Aspect-Based Sentiment Analysis (ABSA) is fundamentally challenged by representation entanglement, where aspect semantics and sentiment polarities are often conflated in real-valued embedding spaces. Furthermore, standard contrastive learning suffers from false-negative collisions, severely degrading performance on high-frequency aspects. In this paper, we propose a novel framework featuring a Zero-Initialized Residual Complex Projection (ZRCP) and an Anti-collision Masked Angle Loss,inspired by quantum projection and entanglement ideas.
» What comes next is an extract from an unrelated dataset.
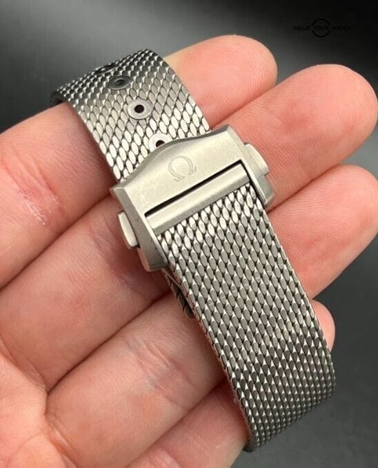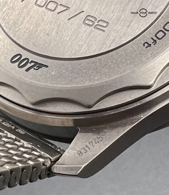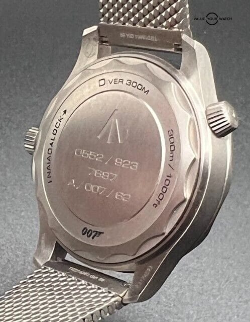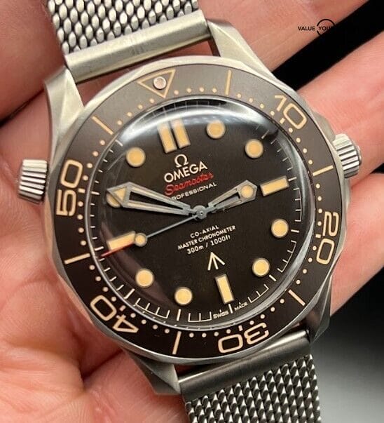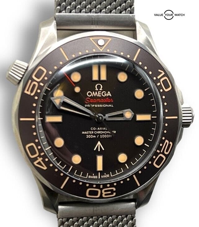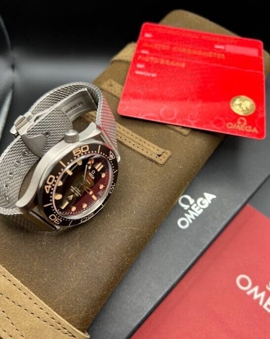 Complete collector set Omega Seamaster 300m James Bond No Time To Die edition. Titanium bracelet is the shorter of the two versions available. Bracelet will fit small wrists up to approximately a 7.25″ wrist.
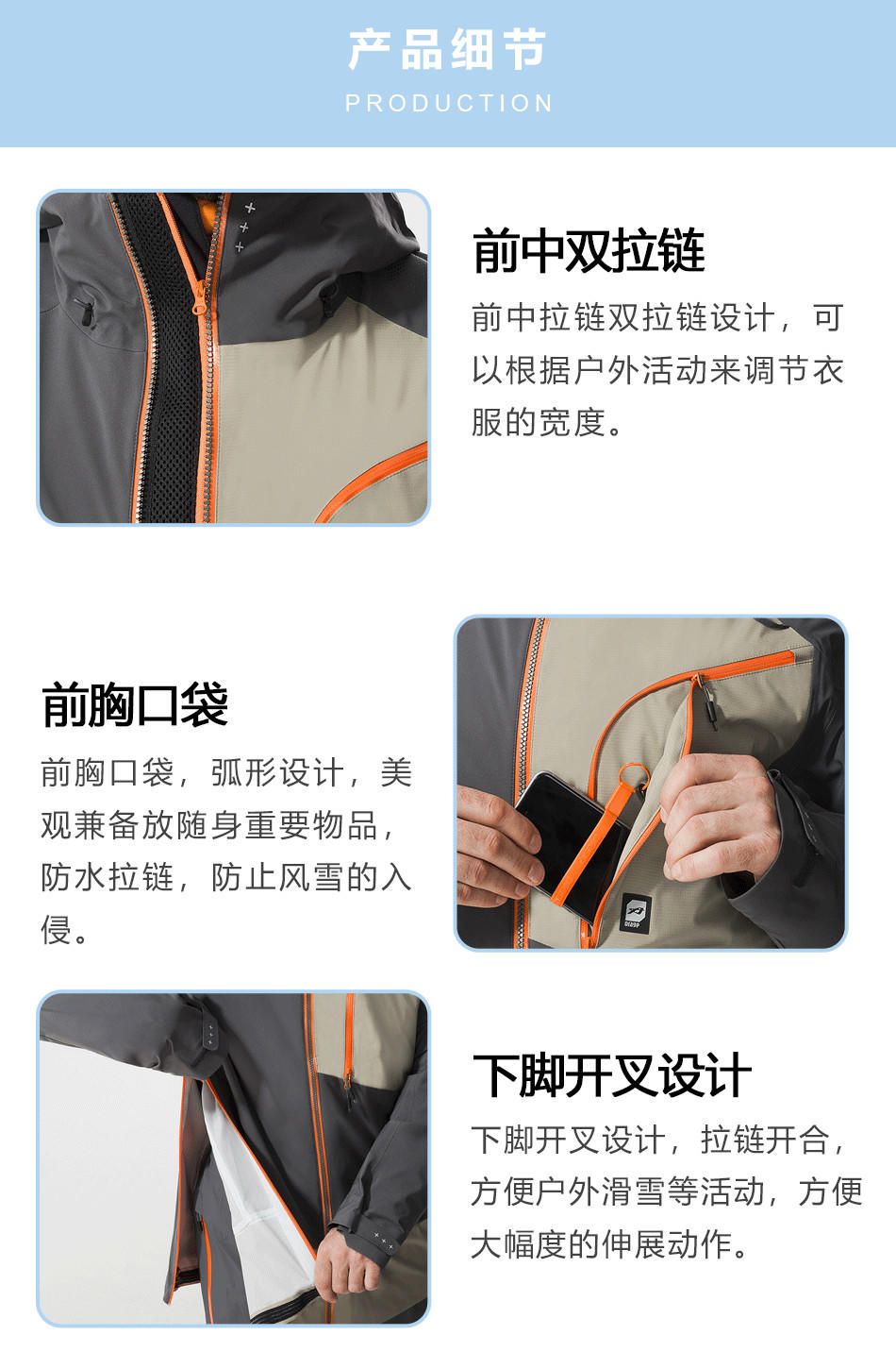 【下腳開叉設(shè)計(jì)】拉鏈拉合,方便戶外滑雪等戶外活動(dòng)而需要的大幅度動(dòng)作

Our approach projects textual features into a complex semantic space, systematically utilizing the phase to disentangle sentiment polarities while allowing the amplitude to encode the semantic intensity and lexical richness of subjective descriptions. To tackle the collision bottleneck, we introduce an anti-collision mask that elegantly preserves intra-polarity aspect cohesion while expanding the inter-polarity discriminative margin by over 50%. Experimental results demonstrate that our framework achieves a state-of-the-art Macro-F1 score of 0.8851. Deep geometric analyses further reveal that explicitly penalizing the complex amplitude catastrophically over-regularizes subjective representations, proving that our unconstrained-amplitude and phase-driven objective is crucial for robust, fine-grained sentiment disentanglement.